Diet culture in 2021 looks like celebrities posting a plate of avocado toast, smoothies, and salads. As well as health and fitness influencers advocating that people buy organic over non-organic foods and following a keto diet that is high in fat and low in carbohydrates. While it may feel less sinister because it’s framed as health and wellness, it is still rooted in weight loss and thinness as the goal. Being constantly exposed to these ideal depictions of health can make us believe that there is only one way to eat healthily and be a source of guilt for individuals that don’t have the ability to do so.

This limited perspective of the types of foods included in a healthy diet also extends into the practice of dietetics. In December 2020, the New York Times published an article, “Is American Dietetics a White-Bread World? These Dietitians Think So”, which highlighted an important issue within the dietetics community – there is a lack of ethnic diversity among practitioners and there is a significant need for more culturally inclusive nutrition resources.

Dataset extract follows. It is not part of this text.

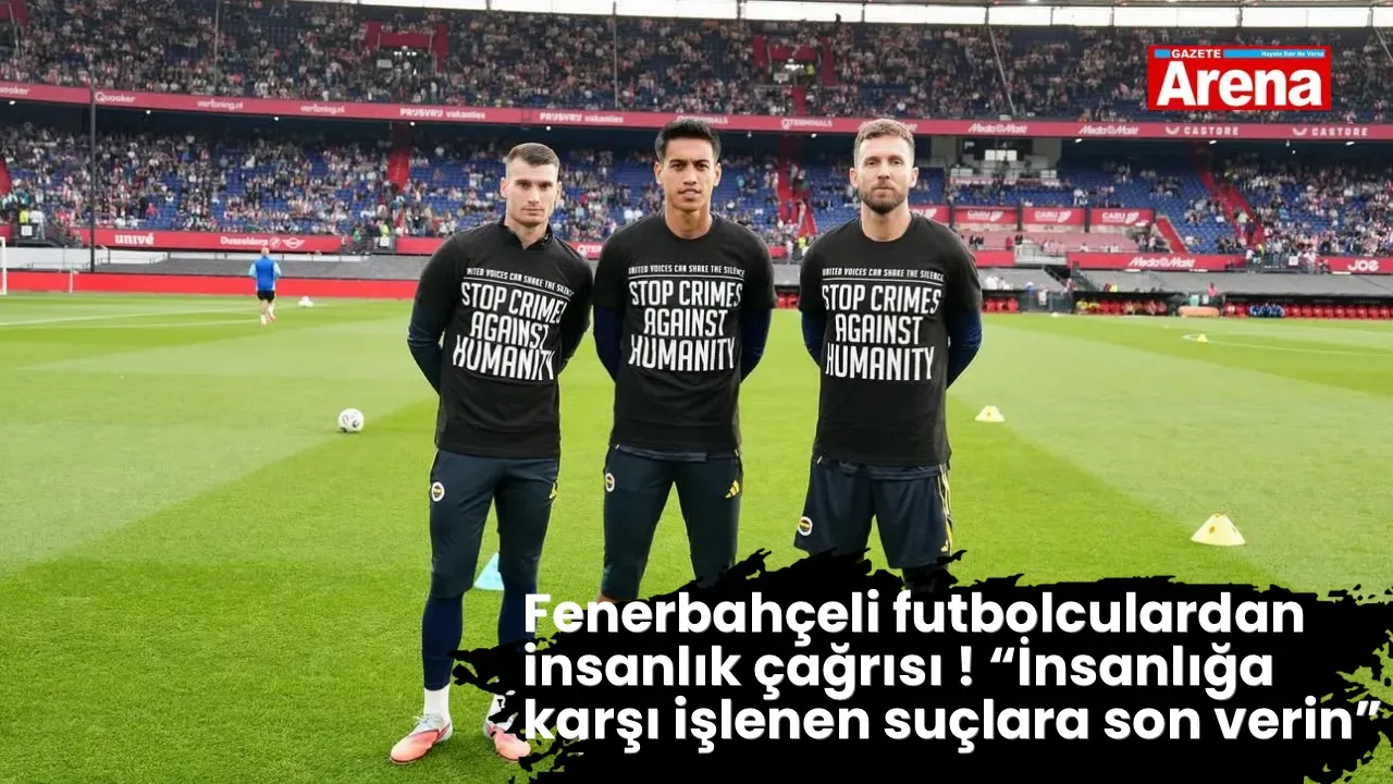 Fenerbahçe futbol takımı, Hollanda temsilcisi Feyenoord ile oynayacağı hazırlık maçı öncesinde anlamlı bir mesaj verdi. Sarı-lacivertli futbolcular, ısınmaya “Stop Crimes Against Humanity” (İnsanlığa karşı işlenen suçlara son verin) yazılı siyah tişörtlerle çıktı.

If both social media and nutrition resources are based on a eurocentric viewpoint, it might lead people who identify with an ethnic minority group to think that their cultural cuisine can’t be a part of a healthy diet.

Having gone through the nutrition and dietetics program and being an Asian-American, I felt responsible for adding to the conversation around eating healthily through the podcast. I wanted to bridge the gap between the ideal model and a more realistic and inclusive version of a healthy diet.

This first episode will discuss the current perception of healthy eating in America in relation to social media and one’s cultural identity. The conversation includes interviews with two experts in the dietetics field, Professor Norah Ismail and Dr. Urshila Sriram, as well as two of my friends, Syeda Kazmi and Vy Hoang.